National Guidelines have been drawn up on a range of HIV/AIDS related issues including on the management of paediatric AIDS, although appraisal participants felt it was not clear when or how these guidelines will be disseminated and staff in the provinces trained.
Participants said that some Phnom Penh hospitals have the capacity to treat the more severe AIDS-related infections and that home care staff from 10 health centres in Phnom Penh and 2 in Battambang have some experience in supporting children with HIV and their families. It was also reported that there are government plans to scale up home-based care in the provinces, but as yet no funding is secured for this.
With regard to education, participants reported that research on the situation with regard to the education of children with HIV and their status within the school system has been planned. Also that in some areas HIV is already integrated into school curriculums. This is in order to provide knowledge about prevention, but also to dispel fear and discrimination.
On-going training in HIV for field workers from the Ministry of Social Affairs was also reported. Participants in the community mentioned the potential for extension workers particularly from the Ministry of Women's affairs and from the Ministry of Rural Development to support children affected by AIDS.

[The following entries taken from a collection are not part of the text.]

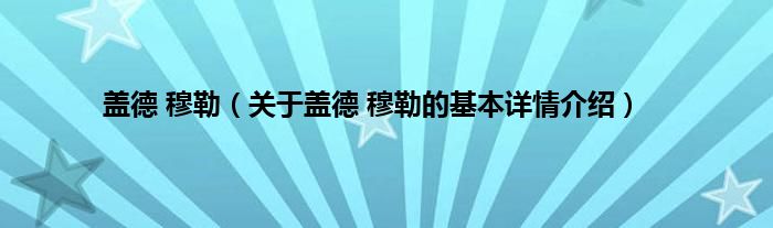 本文关于盖德 穆勒的基本详情介绍就讲解完毕,希望对大家有所帮助。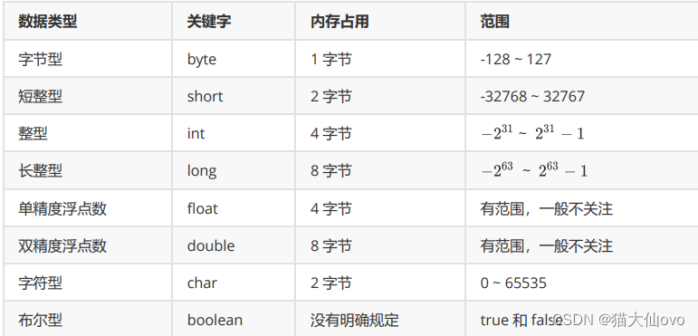 基本数据类型(Primitive Data Types):Java提供了8种基本数据类型,分别是: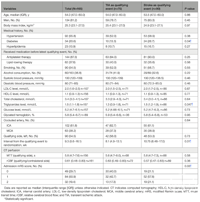 SAMMPRIS试验的事后分析显示,对于颅内动脉狭窄的患者,与短暂性脑缺血发作(TIA)相比,以卒中事件起病的患者随访期间卒中复发的风险显著增加(7% vs 18%)。因此,在美国,颅内支架仅批准用于发生卒中的颅内动脉狭窄患者。然而对于症状性颈动脉或大脑中动脉闭塞患者,入院缺血事件类型和卒中复发的关系尚不清楚。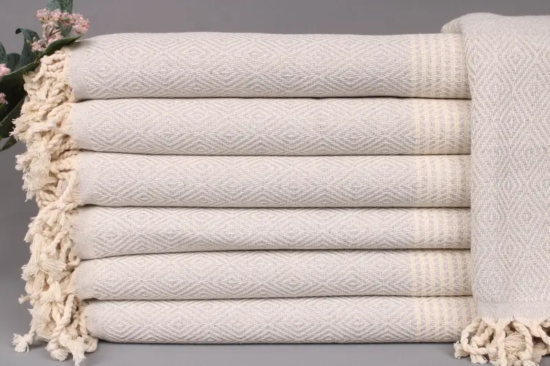 Dimensions remain precise, with each towel providing a dimension allowance of ± 2" (5 cm) due to hand-weaving. This meticulous process ensures each product conforms to the specified weight of 460 grams, resulting in towels ready for various uses.

Local authorities were mentioned most often by street children. Some had been allowed to squat in an illegal area, or had been helped in some way by the police. Most often, however, participants felt that local authorities did not prioritise the situation of vulnerable children let alone those affected by AIDS. They also felt that street children were beginning to be seen as a nuisance, rather than as children in need of assistance, and that the police were inclined to harass rather than to help children.